We knew that U.S. car and truck sales slipped 1.8% in January as automakers pulled back on bulk sales to rental, government and business fleets and concentrated on more profitable retail sales to individual consumers.
Fleet sales, particularly those to rental agencies, are skewed toward passenger cars, which are falling out of favor as consumers shift to sport utility vehicles and trucks. Nissan's Rogue SUV continued to be Nissan’s top seller as sales soared 45.5% in January. It’s important to notice that 62.6% of January U.S. sales were of SUVs and trucks, up from 58.2% a year ago. January sales fell 1.8 percent to 1.14 million vehicles, or a seasonally adjusted annualized rate of 17.61 million vehicles, down from 17.9 million vehicles a year earlier. Industry executives are optimistic that sales could hit another record in 2017, with a boost from pro-growth economic and regulatory policies expected from President Donald Trump. Many forecasters had earlier predicted a decline in U.S. vehicle sales this year. Even with U.S. consumer confidence falling in January, households remained upbeat about the labor market, suggesting the economy would continue to grow this year.

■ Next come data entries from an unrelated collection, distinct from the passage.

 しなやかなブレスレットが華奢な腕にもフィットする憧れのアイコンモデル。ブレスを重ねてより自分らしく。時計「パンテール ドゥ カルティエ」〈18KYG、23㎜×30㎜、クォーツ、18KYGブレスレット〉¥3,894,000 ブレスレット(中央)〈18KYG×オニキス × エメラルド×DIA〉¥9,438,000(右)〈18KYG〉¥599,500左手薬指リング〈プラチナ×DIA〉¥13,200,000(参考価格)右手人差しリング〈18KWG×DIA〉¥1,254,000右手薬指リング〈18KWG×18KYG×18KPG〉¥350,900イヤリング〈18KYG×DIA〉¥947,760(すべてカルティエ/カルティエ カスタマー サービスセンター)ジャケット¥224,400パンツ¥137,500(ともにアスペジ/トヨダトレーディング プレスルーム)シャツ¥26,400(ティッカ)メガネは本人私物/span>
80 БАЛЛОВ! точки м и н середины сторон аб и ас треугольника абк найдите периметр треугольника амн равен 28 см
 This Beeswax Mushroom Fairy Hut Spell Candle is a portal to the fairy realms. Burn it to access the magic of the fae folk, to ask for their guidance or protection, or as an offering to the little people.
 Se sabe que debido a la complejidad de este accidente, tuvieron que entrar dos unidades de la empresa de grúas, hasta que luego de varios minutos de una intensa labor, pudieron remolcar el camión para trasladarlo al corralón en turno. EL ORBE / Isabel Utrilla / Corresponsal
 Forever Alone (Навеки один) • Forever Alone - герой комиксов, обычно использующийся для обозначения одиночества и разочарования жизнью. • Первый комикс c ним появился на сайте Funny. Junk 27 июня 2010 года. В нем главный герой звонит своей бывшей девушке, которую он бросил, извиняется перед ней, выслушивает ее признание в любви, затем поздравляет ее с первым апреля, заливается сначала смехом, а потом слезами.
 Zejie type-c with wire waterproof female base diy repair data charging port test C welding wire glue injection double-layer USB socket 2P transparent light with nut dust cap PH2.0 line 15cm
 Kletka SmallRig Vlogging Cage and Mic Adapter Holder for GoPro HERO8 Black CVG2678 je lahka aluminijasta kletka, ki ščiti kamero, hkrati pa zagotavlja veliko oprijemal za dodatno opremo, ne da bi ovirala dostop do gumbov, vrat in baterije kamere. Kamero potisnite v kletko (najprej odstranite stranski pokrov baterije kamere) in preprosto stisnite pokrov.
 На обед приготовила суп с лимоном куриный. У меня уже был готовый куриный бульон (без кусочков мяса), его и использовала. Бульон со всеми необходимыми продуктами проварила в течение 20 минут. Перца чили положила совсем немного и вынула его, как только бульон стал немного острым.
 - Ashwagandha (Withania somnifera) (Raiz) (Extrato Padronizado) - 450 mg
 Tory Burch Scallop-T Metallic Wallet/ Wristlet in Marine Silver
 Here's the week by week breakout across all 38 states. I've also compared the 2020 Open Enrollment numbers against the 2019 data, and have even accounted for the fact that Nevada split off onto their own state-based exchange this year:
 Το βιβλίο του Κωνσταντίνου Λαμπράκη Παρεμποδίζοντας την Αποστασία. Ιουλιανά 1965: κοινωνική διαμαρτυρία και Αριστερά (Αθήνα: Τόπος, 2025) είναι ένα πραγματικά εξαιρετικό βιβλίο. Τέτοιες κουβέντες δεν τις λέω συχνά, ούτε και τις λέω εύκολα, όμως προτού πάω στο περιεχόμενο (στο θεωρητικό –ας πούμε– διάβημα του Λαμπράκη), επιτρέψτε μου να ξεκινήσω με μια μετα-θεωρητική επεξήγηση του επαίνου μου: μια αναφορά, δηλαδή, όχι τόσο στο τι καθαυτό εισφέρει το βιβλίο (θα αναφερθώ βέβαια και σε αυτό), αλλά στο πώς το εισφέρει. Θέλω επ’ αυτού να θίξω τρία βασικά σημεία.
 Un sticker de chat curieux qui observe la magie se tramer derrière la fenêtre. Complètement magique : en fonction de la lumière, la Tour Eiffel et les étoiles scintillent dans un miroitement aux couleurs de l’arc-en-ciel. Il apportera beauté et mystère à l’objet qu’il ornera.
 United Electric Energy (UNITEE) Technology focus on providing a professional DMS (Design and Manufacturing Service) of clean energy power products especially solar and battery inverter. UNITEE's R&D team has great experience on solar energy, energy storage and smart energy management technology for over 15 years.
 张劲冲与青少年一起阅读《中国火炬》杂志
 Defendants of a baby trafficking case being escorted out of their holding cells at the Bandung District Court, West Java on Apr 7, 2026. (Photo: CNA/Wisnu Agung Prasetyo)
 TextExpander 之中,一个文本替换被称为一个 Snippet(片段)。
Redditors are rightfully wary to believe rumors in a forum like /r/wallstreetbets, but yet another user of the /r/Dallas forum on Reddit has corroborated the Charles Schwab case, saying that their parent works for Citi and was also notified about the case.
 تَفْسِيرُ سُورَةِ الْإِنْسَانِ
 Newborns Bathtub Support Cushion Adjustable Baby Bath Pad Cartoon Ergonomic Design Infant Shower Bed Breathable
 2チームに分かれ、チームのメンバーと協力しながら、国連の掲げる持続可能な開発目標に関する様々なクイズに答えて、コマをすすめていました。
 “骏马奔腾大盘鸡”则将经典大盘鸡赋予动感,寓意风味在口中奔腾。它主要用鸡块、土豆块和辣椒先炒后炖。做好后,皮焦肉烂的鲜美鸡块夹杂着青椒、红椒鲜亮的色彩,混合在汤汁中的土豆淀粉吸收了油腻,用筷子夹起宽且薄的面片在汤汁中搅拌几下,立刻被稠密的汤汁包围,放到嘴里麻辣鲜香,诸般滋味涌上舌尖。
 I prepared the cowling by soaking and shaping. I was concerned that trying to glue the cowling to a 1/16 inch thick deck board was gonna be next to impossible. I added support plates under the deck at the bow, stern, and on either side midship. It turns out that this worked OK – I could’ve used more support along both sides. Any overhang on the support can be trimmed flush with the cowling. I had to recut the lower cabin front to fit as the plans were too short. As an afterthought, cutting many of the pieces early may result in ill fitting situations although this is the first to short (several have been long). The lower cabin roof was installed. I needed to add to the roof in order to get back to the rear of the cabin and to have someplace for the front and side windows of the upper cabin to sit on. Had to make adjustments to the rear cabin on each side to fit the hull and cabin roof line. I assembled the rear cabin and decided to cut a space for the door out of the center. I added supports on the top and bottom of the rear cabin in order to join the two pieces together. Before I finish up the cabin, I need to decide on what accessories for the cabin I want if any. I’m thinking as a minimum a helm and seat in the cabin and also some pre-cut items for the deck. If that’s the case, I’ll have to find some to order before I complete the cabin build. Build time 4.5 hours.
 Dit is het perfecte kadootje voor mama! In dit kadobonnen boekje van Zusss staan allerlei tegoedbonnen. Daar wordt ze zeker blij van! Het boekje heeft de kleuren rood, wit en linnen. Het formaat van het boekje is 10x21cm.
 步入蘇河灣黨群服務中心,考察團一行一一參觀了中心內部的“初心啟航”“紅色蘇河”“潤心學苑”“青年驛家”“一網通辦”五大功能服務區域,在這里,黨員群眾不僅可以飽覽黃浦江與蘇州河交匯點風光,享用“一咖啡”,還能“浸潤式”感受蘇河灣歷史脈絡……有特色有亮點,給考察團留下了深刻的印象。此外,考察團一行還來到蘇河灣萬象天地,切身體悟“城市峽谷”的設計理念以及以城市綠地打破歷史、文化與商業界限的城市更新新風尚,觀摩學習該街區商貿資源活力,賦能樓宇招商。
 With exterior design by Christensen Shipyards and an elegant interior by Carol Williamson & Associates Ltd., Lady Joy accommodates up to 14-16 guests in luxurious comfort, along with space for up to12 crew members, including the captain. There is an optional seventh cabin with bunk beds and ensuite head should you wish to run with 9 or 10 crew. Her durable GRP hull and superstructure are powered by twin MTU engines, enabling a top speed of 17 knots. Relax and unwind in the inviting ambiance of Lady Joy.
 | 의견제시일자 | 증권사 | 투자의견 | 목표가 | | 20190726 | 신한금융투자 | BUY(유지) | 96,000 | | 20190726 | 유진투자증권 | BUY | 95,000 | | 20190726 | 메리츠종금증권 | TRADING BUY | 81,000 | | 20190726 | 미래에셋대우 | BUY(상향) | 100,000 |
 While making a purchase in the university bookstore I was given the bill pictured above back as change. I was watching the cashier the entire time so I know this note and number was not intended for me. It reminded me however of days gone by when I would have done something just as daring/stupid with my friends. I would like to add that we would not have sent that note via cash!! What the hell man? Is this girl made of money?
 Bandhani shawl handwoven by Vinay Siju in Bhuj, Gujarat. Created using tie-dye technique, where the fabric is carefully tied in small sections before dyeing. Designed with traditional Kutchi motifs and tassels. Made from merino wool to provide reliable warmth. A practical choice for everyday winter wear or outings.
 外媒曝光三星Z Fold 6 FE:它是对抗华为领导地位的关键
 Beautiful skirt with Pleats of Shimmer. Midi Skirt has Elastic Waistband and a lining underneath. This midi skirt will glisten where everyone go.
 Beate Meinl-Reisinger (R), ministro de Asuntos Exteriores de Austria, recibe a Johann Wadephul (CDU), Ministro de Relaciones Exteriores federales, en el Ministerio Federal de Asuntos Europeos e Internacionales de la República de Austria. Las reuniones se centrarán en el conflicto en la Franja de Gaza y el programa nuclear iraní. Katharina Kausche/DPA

General Motors Co. posted a 3.8% decline in January sales from a year ago, while crosstown rival Ford Motor Co said overall sales slipped by 0.6%. Honda Motor Co Ltd and Nissan Motor Co Ltd both had sales gains of 6% in January, but Toyota Motor Corpreported a surprising drop of 11%. Fiat Chrysler Automobiles said January sales slid 11%, reflecting a cut in deliveries to fleets. Sales of its Jeep brand of sport utilities fell 7 %.